4.Aşama: Bu aşama koruma evresi gibi düşünülebilir. Bu süreçte vücudun kilo kaybetmeden tükebileceği miktar kadar karbonhidrata izin verilir.

Atkins diyetinde yenilebilecek besinler;

Atkins diyeti listesi sağlıklı yiyeceklerin etrafına şekillenmektedir.

Etler: Sığır eti, kuzu, tavuk, pastırma ve diğerleri.
Yağlı balık ve deniz ürünleri: Somon, alabalık, sardalya vb.
Yumurta: Bıldırcın, tavuk yumurtası
Düşük karbonhidratlı sebzeler: Lahana, ıspanak, brokoli, kuşkonmaz ve diğerleri.
Tam yağlı süt ürünleri: Tereyağı, peynir, krema, tam yağlı yoğurt.
Kuruyemiş ve tohumlar: Badem, fındık, ceviz, ayçiçeği çekirdeği vb.
Sağlıklı yağlar: Sızma zeytinyağı, hindistancevizi yağı, avokado ve fındık yağı.

Yemeklere sebze, kuruyemiş ve bazı sağlıklı yağların eşlik etmesi kilo verme hızını artırabilmektedir. Bu kadar basit bir yöntem ile hızlı kilo vermek mümkün olabilmektedir.

Atkins diyetinde tüketilebilen içecekler;

Atkins diyeti listesi kapsamında tüketilebilecek bazı içecekler şu şekilde belirlenmiştir;

Su: Her zaman olduğu gibi, su içmek bu diyette de çok önemlidir.
Kahve: Birçok çalışma, kahvenin antioksidanlardan olduğunu göstermiştir ve oldukça sağlıklı olduğu da kanıtlanmıştır.
Yeşil çay: Çok sağlıklı içecekler arasında yer almaktadır.

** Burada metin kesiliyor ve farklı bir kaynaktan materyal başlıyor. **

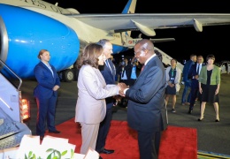 Makamu wa Rais wa Marekani, Mhe. Kamala Harris pamoja na mumewe (2nd Gentlemen), Bw. Doug Emhoff wakiwasili katika Uwanja wa Ndege wa Kimataifa wa Julius Nyerere Terminal 1 kwa ziara ya si...
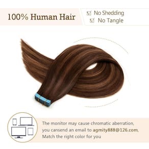 - ?Embalagem e especificações?Extensões de cabelo AGMITY fita, 20 peças, 30.5-40.6 cm: 40g, 45.7-61.0 cm: 50g, há muitas cores para escolher, normalmente você precisa de 2-3 pacotes para volume normal e 4-5 pacotes para cabeça inteira. (devido ao monitor, pode haver uma diferença de cor na cor do cabelo, sinta-se à vontade para entrar em contato comigo para resolvê-lo para você)
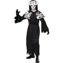 | MAITRE DE LA CRYPTE Taille : XL Comprend : Une robe avec capuche, chaine et imprimé sur le torse, un masque tête de mort et une arme. Tarif : 23,90 € TTC Réf : A1452 | | SKULL WARRIOR Taille : M/L Comprend : Une tunique avec capuche, un collier, une ceinture et une arme. Tarif : 17,90 € TTC Réf : A1451 | | SQUELETTE ROUGE Taille : M/L Comprend : Une robe à capuche et une ceinture. Tarif : 14,90 € TTC Réf : A1453 | | SORCIERE MALEFIQUE Taille : XL Comprend : Une robe, une coiffe et une ceinture. Tarif : 27,90 € TTC Réf : A1454 |
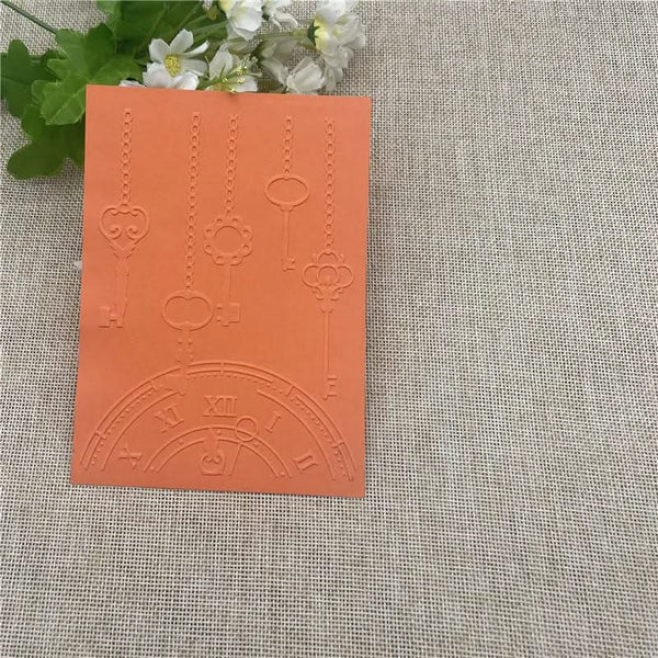 Poppy Crafts Embossing Folder #295 - Chained Vintage Keys. Create amazing papercraft projects with this beautiful embossing folder design! These are a great idea for all your greeting cards, place cards, scrapbooking and so much more. Compatible with most die-cutting machines (sold separately). Size: 4"x 6" (10.5cm x 14.5cm).

Yüksek karbonhidratlı içecekler bu diyetin gizli düşmanları arasındadır, Atkins Diyeti yapanlar için tüm programın verimli sonlanabilmesi bu içeceklerden ve karbonhidratlı yiyeceklerden kaçınmaya bağlıdır.

Diyette dikkat edilmesi gerekenler;

Süt ürünleri arasında yer alan krema günde maksimum 45 ml, peynir ise 115 gr tüketilmelidir.
Kilo kaybının gerçekleşmesi için kadınların günde ortalama 1500-1800 kalori, erkeklerin ise 1800-2000 kalori almaları gerektiği belirtilir.
Bu beslenme şeklinde tüketilecek protein miktarının sayılmasına gerek yoktur. Dikkat edilmesi gereken karbonhidrat gramının hesaplanmasıdır.